What is being tested?

Von Willebrand factor (vWF) testing measures the quantity of the protein present in the blood and how well it functions. vWF is a blood-clotting protein and one of several components that work together and in sequence to stop bleeding by forming a blood clot. Normally, when a blood vessel is damaged, vWF first forms an adhesive bridge between activated cell fragments known as blood platelets and the injury site. Next, it enables the platelets to clump together. Then follows a series of actions that are referred to as 'activation of the coagulation cascade'. vWF further helps clotting through another protein, coagulation factor VIII. vWF carries factor VIII in the blood, increases its half-life, and releases it as necessary. If there is not enough functional vWF, platelet adherence and aggregation are compromised, levels of factor VIII can be decreased, blood clot formation takes longer, and bleeding is prolonged. This results in a condition referred to as von Willebrand's disease (vWD).

vWD is the most commonly inherited bleeding disorder. It is a group of conditions associated with prolonged bleeding due to deficient and/or defective vWF. vWD is separated into different types and sub-types, including:

  • Type 1 – with this type of vWD, there is a decrease in the amount of vWF produced but the vWF functions normally. Levels of factor VIII are also typically low but may be normal.
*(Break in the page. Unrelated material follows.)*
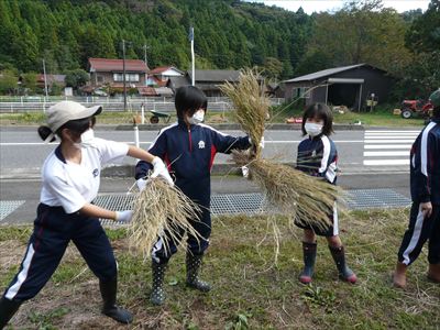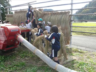 5・6年生は、田植えに引き続き地元農家の若林さんにお世話になり、稲刈りと脱穀の体験を行いました。稲刈りでは、刈り方を教わるとコツをつかみ、順調に刈り進めることができました。稲の束をしっかり締めることが難しかったですが、互いに教えあいながら作業を進め、最後に最近では珍しくなった「はで場」に干す体験をさせていただきました。また、脱穀では、干した稲をはでから降ろしたり、機械に入れたり、出てきたわらを運んだりとみんなで協力しながら楽しく作業を行い、田植えの時と同様に、とても上手にできたと褒めていただきました。

This is the most common type of vWD, accounting for about 75 per cent of cases. It tends to cause bruising and mild to moderate bleeding; examples include, persistent nosebleeds, heavy menstrual periods and prolonged bleeding following childbirth, trauma, dental and surgical procedures. Symptoms and the severity of bleeding vary from person to person and from episode to episode.
  • Type 2 – this type is associated with a normal amount of vWF, but the vWF does not function normally. Bleeding may be more severe with this type. Type 2 is subdivided into Types 2A, 2B, 2M, and 2N.
  • Type 3 – this rare type is associated with little to no vWF production, very low factor VIII levels, and moderate to severe symptoms. It is often detected in infancy because of early bleeding episodes.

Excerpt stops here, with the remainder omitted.